**Extracted data:**

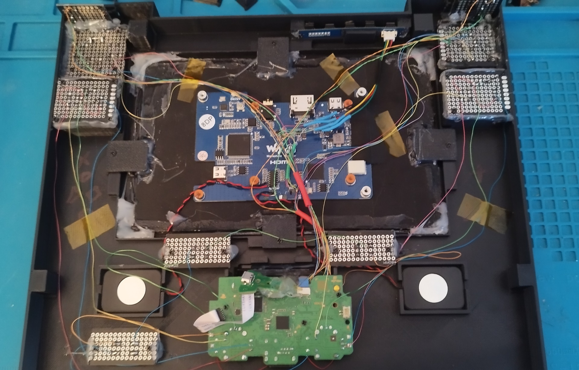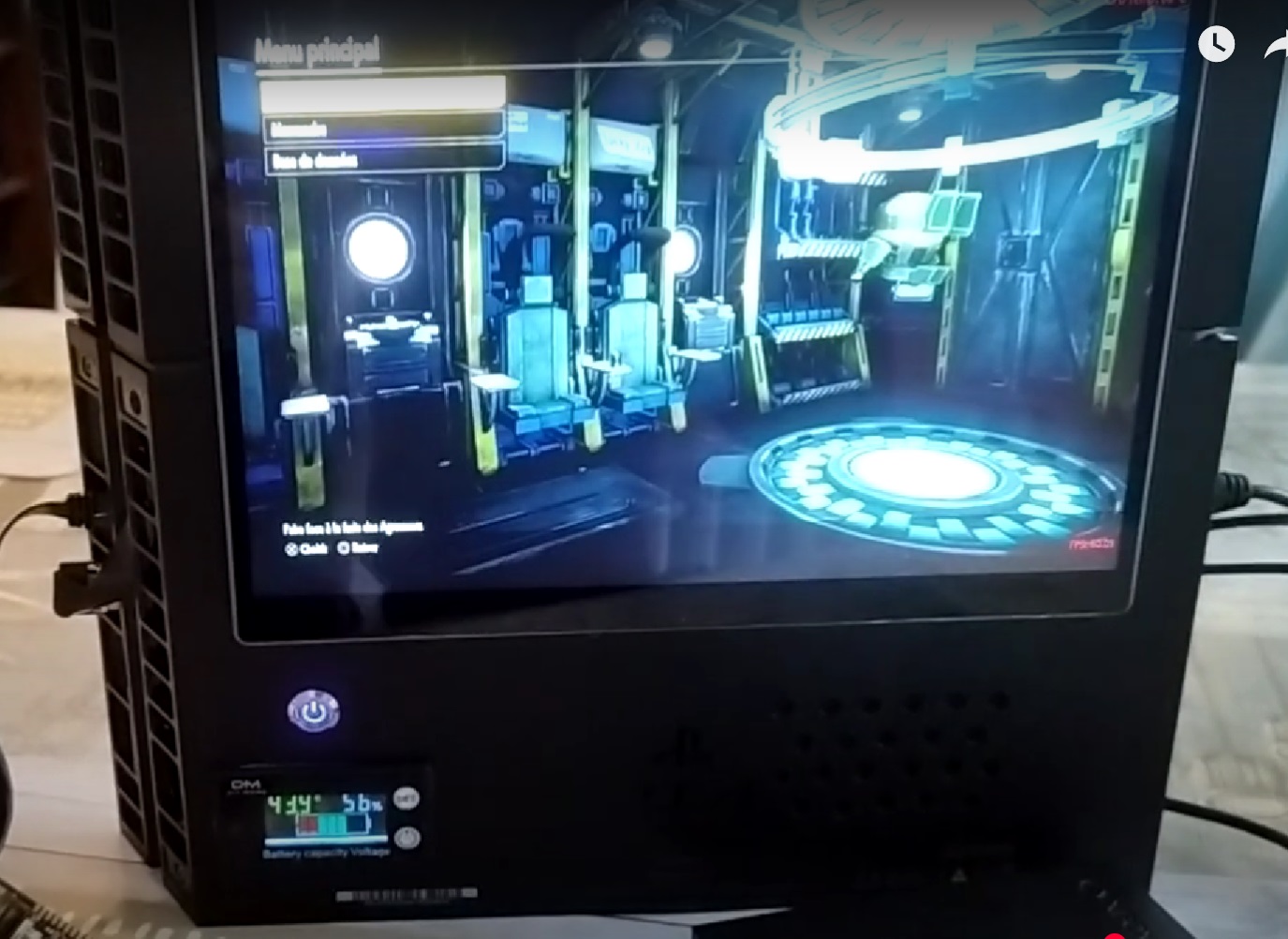 My first attempt was a PS4 FAT Portable with a seperate gamepad. It was just a PS4 on Lithium batteries with a screen. But 12V with 13A gave just one hour of gameplay with a 3S4P of 18650 (3500 mah each cell) so i really prefered to play it with a power input. Here is a photo:
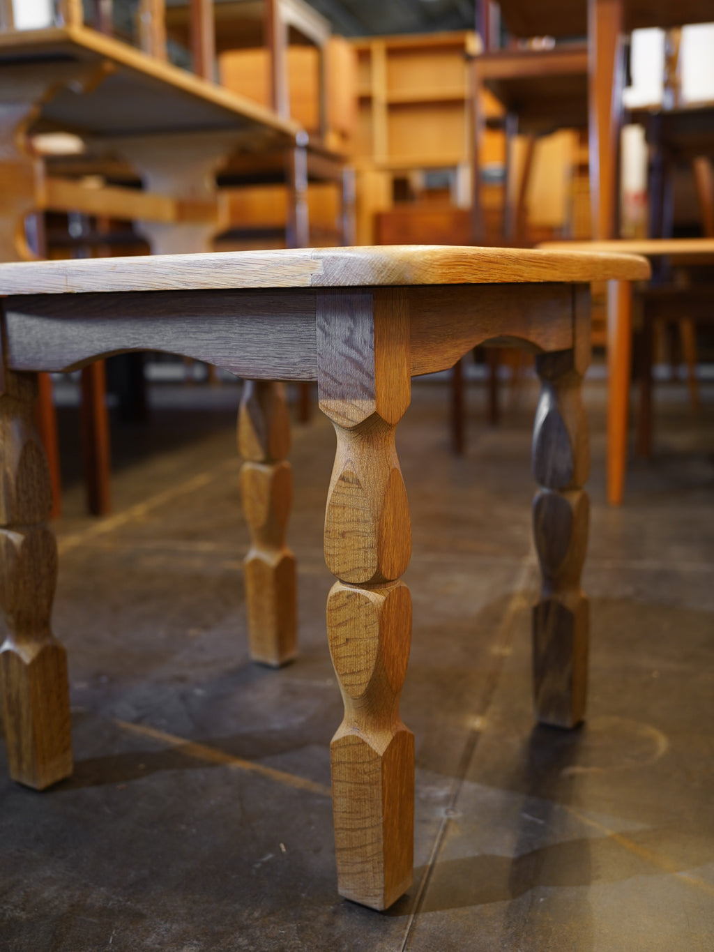 天板に埋め込まれたヴィンテージ調のタイルが、カントリーな雰囲気を感じさせる一台。明るいオークの木肌とタイルのコントラストが美しく、お部屋に柔らかな表情をプラスしてくれます。
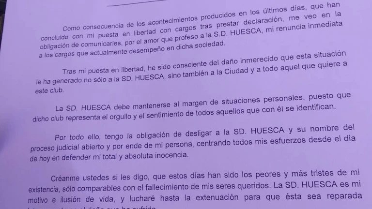 Tras celebrarse un consejo de administración extraordinario en la SD Huesca se ha comunicado que Agustín Lasaosa ha renunciado voluntariamente a sus cargos de presidente y consejero delegado de la entidad tras su imputación en el caso Oikos. El consejo ha anunciado que el abogado de la entidad Manolo Torres asumirá el cargo de consejero delegado, pero no de presidente que de momento quedará vacante.
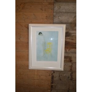 Gesigneerde en genummerde kleurenprint van Robert Heindel, Danser met de gele stoel (Dageraad). Ingelijst in wit met zilverkleurige accentrand.
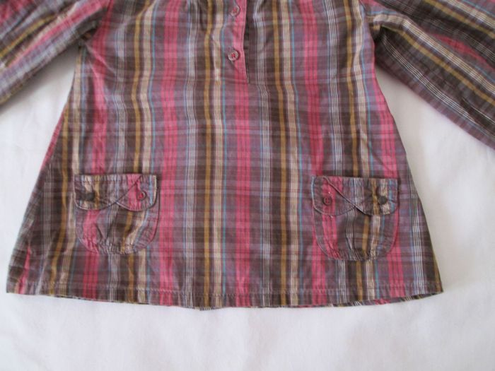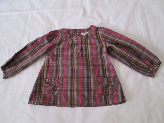 Vends blouse à poches. Manches longues. Boutons décoratifs sur le devant. S'attache avec des boutons dans le dos. 100 % coton. Taille 3 ans. Excellent état. N'hésitez pas à consulter mes autres annonces.
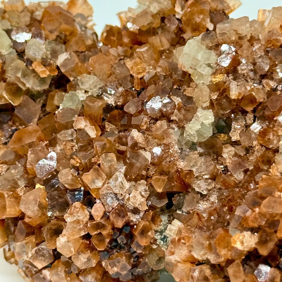 Elle se présente souvent sous forme d’agrégats rayonnants ou en « étoiles » brun miel, créés par l’assemblage harmonieux de dizaines de petits cristaux en fuseaux. -
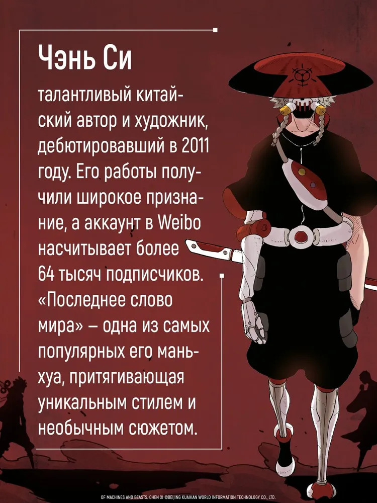 💳 Оплатить за товар можно при получении 🇰🇿 Есть бесплатная доставка по Казахстану от 1 дня 🎁 Копите бонусы с каждой покупки Серия: Графические романы. Манга Новая серия маньхуа от издательства «Азбука» — «Последнее слово мира». Это одна из самых популярных работ на китайской платформе для чтения комиксов — более 2 миллиардов просмотров! Права на издание проданы в Италию и Францию. Также по маньхуа анонсировано аниме. Цивилизация, какой ее знали раньше, мертва. Из-за неудачного научного эксперимента одна половина человечества исчезла с лица Земли, а другая оказалась разделена на две враждующие расы: киборги и духи зверей. |
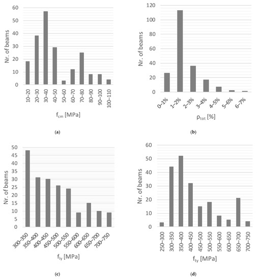 Figure 1 shows that 142 and 60 beams are built with normal- (up to 50 MPa) and high-strength concrete (over 50 MPa, according to [5]), respectively. The average concrete compressive strength ranges between 14 MPa and 110 MPa. The total reinforcement ratio ranges between a minimum of 0.37% and a maximum of 6.36%, being for most of the beams in the range of 1 to 2%. The yielding stress ranges between 308.8 MPa and 723.9 MPa for the longitudinal reinforcement and between 285 MPa and 714.8 MPa for the transverse reinforcement. For most of the beams, it ranges between 300 MPa and 500 MPa.
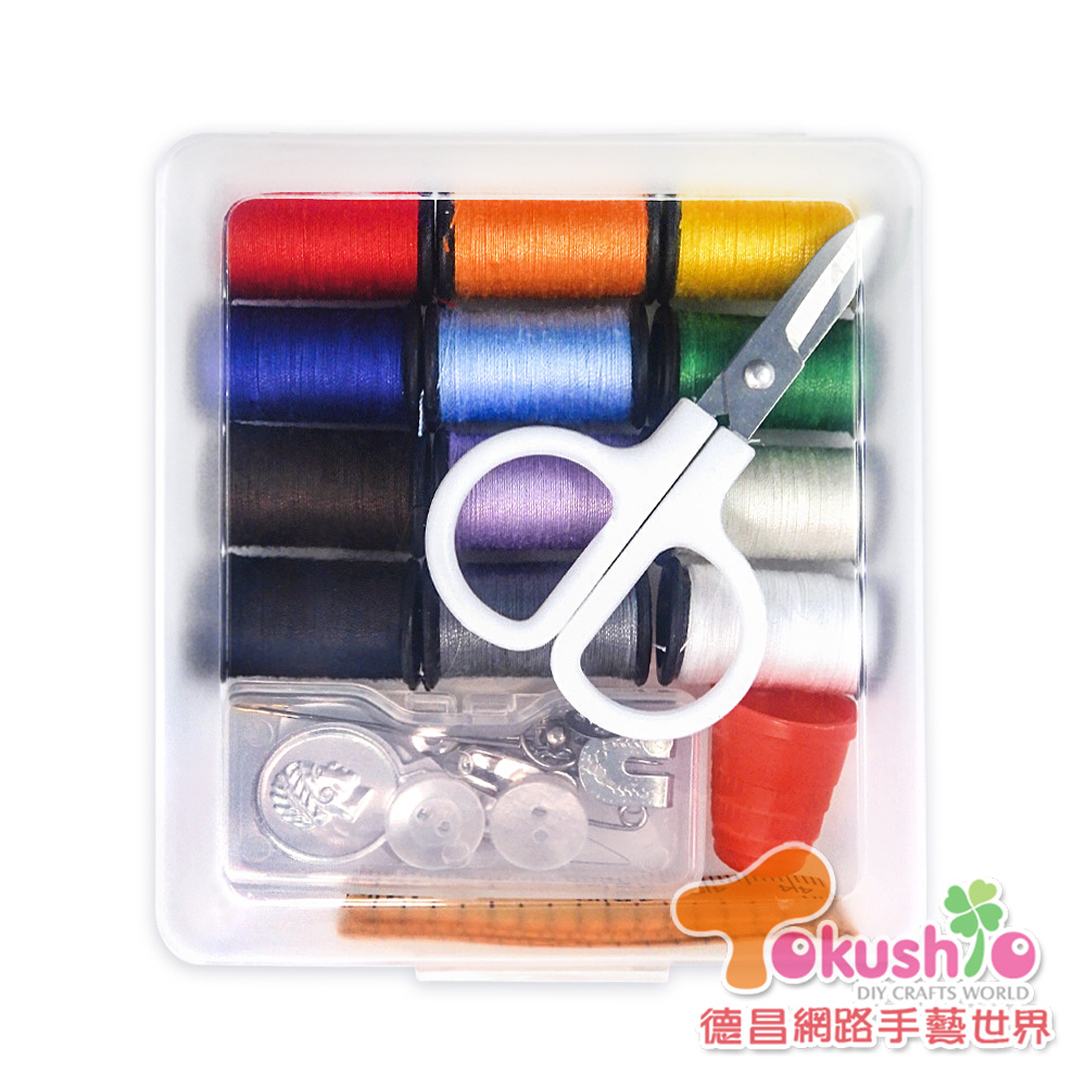 小縫線 黑色1卷(固定色)、白色1卷(固定色)其餘10色(顏色隨機)配件 縫針x2支、褲勾x1組、暗扣x1組、四孔釦x2組穿線片x1個、皮尺x1個、小剪刀x1個、收納盒、指套x1個、別針x1個包裝:每包 1 組 /包

**Task to carry out:** Apart from the images, every line above is to be given again exactly.

**Task answer:**
 My first attempt was a PS4 FAT Portable with a seperate gamepad. It was just a PS4 on Lithium batteries with a screen. But 12V with 13A gave just one hour of gameplay with a 3S4P of 18650 (3500 mah each cell) so i really prefered to play it with a power input. Here is a photo:
 天板に埋め込まれたヴィンテージ調のタイルが、カントリーな雰囲気を感じさせる一台。明るいオークの木肌とタイルのコントラストが美しく、お部屋に柔らかな表情をプラスしてくれます。
 Tras celebrarse un consejo de administración extraordinario en la SD Huesca se ha comunicado que Agustín Lasaosa ha renunciado voluntariamente a sus cargos de presidente y consejero delegado de la entidad tras su imputación en el caso Oikos. El consejo ha anunciado que el abogado de la entidad Manolo Torres asumirá el cargo de consejero delegado, pero no de presidente que de momento quedará vacante.
 Gesigneerde en genummerde kleurenprint van Robert Heindel, Danser met de gele stoel (Dageraad). Ingelijst in wit met zilverkleurige accentrand.
 Vends blouse à poches. Manches longues. Boutons décoratifs sur le devant. S'attache avec des boutons dans le dos. 100 % coton. Taille 3 ans. Excellent état. N'hésitez pas à consulter mes autres annonces.
 Elle se présente souvent sous forme d’agrégats rayonnants ou en « étoiles » brun miel, créés par l’assemblage harmonieux de dizaines de petits cristaux en fuseaux. -
 💳 Оплатить за товар можно при получении 🇰🇿 Есть бесплатная доставка по Казахстану от 1 дня 🎁 Копите бонусы с каждой покупки Серия: Графические романы. Манга Новая серия маньхуа от издательства «Азбука» — «Последнее слово мира». Это одна из самых популярных работ на китайской платформе для чтения комиксов — более 2 миллиардов просмотров! Права на издание проданы в Италию и Францию. Также по маньхуа анонсировано аниме. Цивилизация, какой ее знали раньше, мертва. Из-за неудачного научного эксперимента одна половина человечества исчезла с лица Земли, а другая оказалась разделена на две враждующие расы: киборги и духи зверей. |
 Figure 1 shows that 142 and 60 beams are built with normal- (up to 50 MPa) and high-strength concrete (over 50 MPa, according to [5]), respectively. The average concrete compressive strength ranges between 14 MPa and 110 MPa. The total reinforcement ratio ranges between a minimum of 0.37% and a maximum of 6.36%, being for most of the beams in the range of 1 to 2%. The yielding stress ranges between 308.8 MPa and 723.9 MPa for the longitudinal reinforcement and between 285 MPa and 714.8 MPa for the transverse reinforcement. For most of the beams, it ranges between 300 MPa and 500 MPa.
 小縫線 黑色1卷(固定色)、白色1卷(固定色)其餘10色(顏色隨機)配件 縫針x2支、褲勾x1組、暗扣x1組、四孔釦x2組穿線片x1個、皮尺x1個、小剪刀x1個、收納盒、指套x1個、別針x1個包裝:每包 1 組 /包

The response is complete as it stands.